The addition of potassium and vitamin D to the label stems from recent research on the importance of those nutrients for health, together with the incontrovertible fact that most American diets don't provide much of either.

Foods wealthy in potassium help lower blood pressure. When selecting frozen or canned vegatables and fruits, select fruits which might be high in potassium and low in sodium, as sodium raises blood pressure, advises Dr. Rimm. Inadequate levels of vitamin D have been linked to heart problems, but why that's—and the way much vitamin D people really want—is unclear. Ongoing studies should make clear. Vitamin D is found naturally in lots of kinds of fatty fish, eggs and cheese. Milk, many breakfast cereals, and a few brands of yogurt and orange juice are fortified with vitamin D.
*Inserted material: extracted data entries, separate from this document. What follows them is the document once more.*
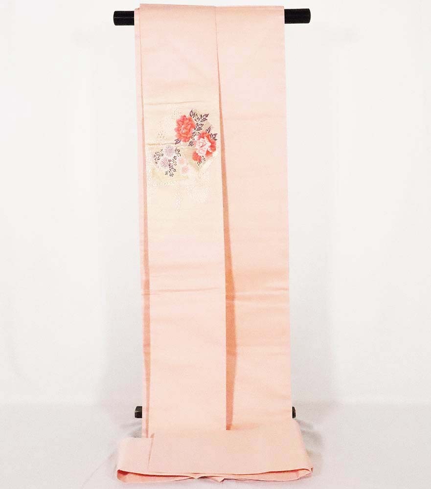 | 色・柄 | 西陣織名古屋帯 ピンク・金箔地 縫い取り菊・牡丹・色紙紋・扇文 上品な名古屋帯です。 (写真では上手く色が出ない場合があります。ご了承下さい) ※お使いのディスプレイの種類や設定の差により 実物の色と画像の色が少々異なることもございます。 |
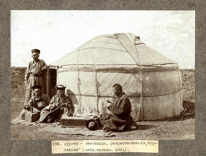 | Keywords: Buriats painters.jpg en Buriats-painters coloring burkhan figures ru Художники аск ашивают Бу ханов http //hdl loc gov/loc ndlpcoop/mtfxph eet0006 Novosibirsk State Museum of Regional History and Folk Life 1900-th PD-old Buryat yurts Buryat people |
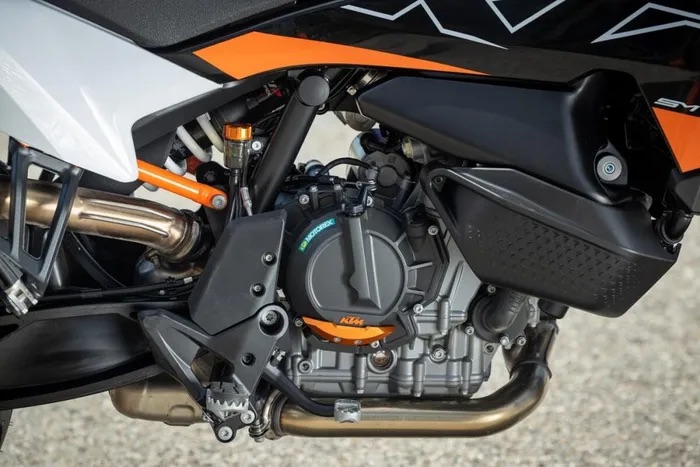 Lấy 890 Duke R làm cơ sở, KTM 890 SMT được trang bị động cơ đôi song song LC8c có dung tích 899cc. Động cơ này sản sinh công suất tối đa 105 mã lực tại 8.000 vòng/phút và mô-men xoắn cực đại 100 Nm tại 6.500 vòng/phút. Đi kèm là hộp số 6 cấp và bộ ly hợp chống trượt.
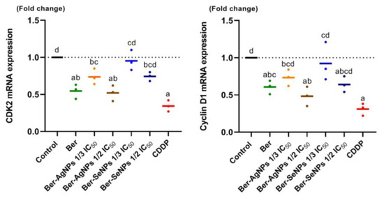 Changes in levels of the cyclin D1 and CDK-2 mRNA expression patterns in HepG2 cell lines after 24 h of treatment with berberine and its nanoderivatives. Data are presented as the mean ± SD of three separate experiments. Different letters indicate statistically significant differences at p < 0.05. Ber, berberine; CDDP, cisplatin.

How to detect added sugars

Until revisions to the Nutrition Facts Panel turn into mandatory in mid-2018, it is advisable look closely at a product's ingredient list to see if it incorporates added sugars. Excludes Clear Ingredients (Sugar, Honey, Molasses), Added Sugar Agave Nectar, Cane Crystals, Corn Sweetener, Crystalline Fructose, Dextrose, Evaporated Cane Juice, Fructose, High Fructose Corn Syrup, Invert Sugar, Lactose , may appear as maltose. , or malt syrup.

A clever approach is to avoid products which have any of those added sugars at or near the highest of the ingredients list — or those who have several types of sugar scattered throughout the list.